The Importance of Education Support

education support

Education support professionals keep students healthy, safe and supported so they can learn. They help teachers manage student behaviours, prepare meals, drive buses and perform a myriad of other tasks.

Dan Leeds is the founder of the National Public Education Support Fund and the Education Funder Strategy Group. He is a strong advocate for an equity-centered vision of strengthening public schools that leverages the science of learning.

Communication Skills

Teachers need to be able to communicate effectively with students and parents. They also need to be able to listen carefully to their students and understand their needs. Teachers who have good communication skills can create a positive learning environment and encourage student success.

Verbal communication includes the use of words, as well as body language and other non-verbal signals. Teachers should also be able to explain complex topics in an easy-to-understand manner. They should also be able to answer questions and provide feedback.

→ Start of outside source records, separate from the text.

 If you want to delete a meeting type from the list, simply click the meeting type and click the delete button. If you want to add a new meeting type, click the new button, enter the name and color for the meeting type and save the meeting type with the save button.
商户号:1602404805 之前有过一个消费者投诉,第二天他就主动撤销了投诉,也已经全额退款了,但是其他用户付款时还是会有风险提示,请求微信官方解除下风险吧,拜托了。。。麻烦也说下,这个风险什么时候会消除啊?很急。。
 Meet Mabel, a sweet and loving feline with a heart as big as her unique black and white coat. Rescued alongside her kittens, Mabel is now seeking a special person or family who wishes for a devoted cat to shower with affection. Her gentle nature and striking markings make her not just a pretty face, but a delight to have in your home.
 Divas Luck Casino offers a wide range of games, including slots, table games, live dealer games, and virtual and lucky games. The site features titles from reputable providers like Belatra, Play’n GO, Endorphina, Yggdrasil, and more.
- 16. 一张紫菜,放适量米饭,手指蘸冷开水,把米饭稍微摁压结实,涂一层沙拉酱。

One way to develop communication skills is to have students practice with group activities. For example, you can ask them to work together to design or build something over a certain period of time. Then, you can observe their interaction and discuss what went well and what they could improve on. You can also use movies or videos that showcase conversational skills. This can help students understand the importance of active listening, respect and open-mindedness when communicating with others.

Listening Skills

In many classrooms, teachers are often frustrated by students’ inability to listen. Whether listening to a lecture, instructions on how to complete an assignment or each other, it’s critical for students to be able to listen actively.

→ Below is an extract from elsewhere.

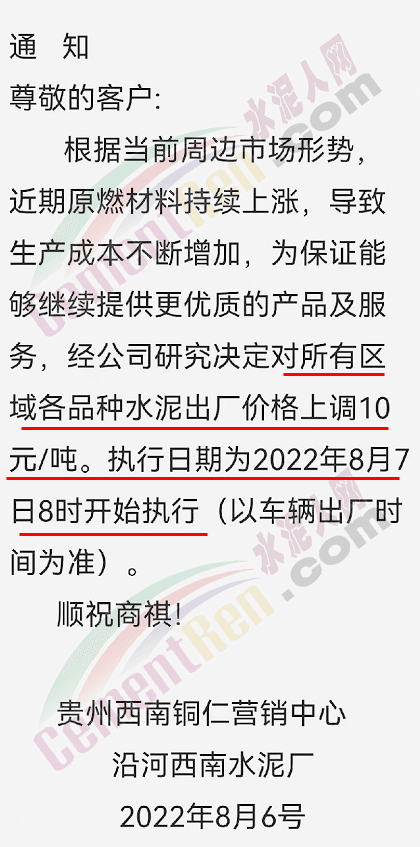 貴州西南銅仁營銷中心沿河西南水泥廠通知根據(jù)當(dāng)前周邊市場形勢,近期原燃材料持續(xù)上漲,導(dǎo)致生產(chǎn)成本不斷增加,為保證能夠繼續(xù)提供更優(yōu)質(zhì)的產(chǎn)品及服務(wù),經(jīng)公司研究決定對所有區(qū)域各品種水泥出廠價(jià)格上調(diào)10 元/噸,執(zhí)行日期為2022年8月7日8時(shí)。

The benefits of listening skills go beyond the classroom. They help students better understand information, which is important when taking an examination or researching a topic. When students have strong listening skills, they also tend to have higher self-efficacy – meaning that they feel confident and capable of succeeding in class.

There are a variety of ways to teach listening skills in the classroom, including by using think alouds, pauses and asking questions. However, students must be taught that listening is more than just a function of the ears and brain. They must pay attention to body language and nuances of speech in order to fully comprehend a speaker’s message. In addition, they need to be able to remember information and ask questions when necessary.

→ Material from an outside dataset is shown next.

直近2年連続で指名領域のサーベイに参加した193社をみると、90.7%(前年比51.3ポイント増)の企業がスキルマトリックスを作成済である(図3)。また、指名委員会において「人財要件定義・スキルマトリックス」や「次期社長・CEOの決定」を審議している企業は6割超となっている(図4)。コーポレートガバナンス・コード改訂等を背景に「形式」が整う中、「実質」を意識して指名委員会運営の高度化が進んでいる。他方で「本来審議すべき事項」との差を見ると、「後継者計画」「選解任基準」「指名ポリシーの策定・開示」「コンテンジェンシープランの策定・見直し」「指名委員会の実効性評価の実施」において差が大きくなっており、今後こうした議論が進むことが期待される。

Patience is a powerful, but underrated, skill. It can be used to create positive learning environments that foster independence and critical thinking. Patience also allows teachers to remain calm and understanding with students who may not be performing well academically.

Having patience can help you stay motivated to reach your education support goals. It can also help you avoid impulsive decisions that could negatively impact your success in school. One way to practice patience is to participate in an activity that requires you to wait silently.

Select a student to be the “timer.” Then, have them silently count down from a set number of seconds. Ask the rest of the class to remain silent and patient until the timer reaches zero. This exercise will help students learn to be more patient and understand that everyone has different abilities and learning styles. In addition, it can help them build better relationships with their peers. Often, new education supporters must wait for the training and knowledge they need to perform their job.


People who feel empathy can often relate to others, regardless of their background or experiences. This is a key part of building strong school communities. Educators can help their students expand their circle of concern beyond the people they know well to include everyone in their community.

One way to do this is by encouraging empathy through classroom activities. For example, a middle school language arts teacher may have her students check-in daily and share how they are feeling that day. Alternatively, she could center the classroom on a word of the month to expand the students’ vocabulary of feelings (December’s was joy).

Teaching empathy can also help students become better learners. By understanding how others are feeling, they can more accurately read their peers and communicate effectively. Furthermore, empathy allows them to build connections with people from different backgrounds and cultures, which is valuable in our increasingly globalized society. Empathy also enables students to lead with compassion, which is an essential characteristic of great leaders.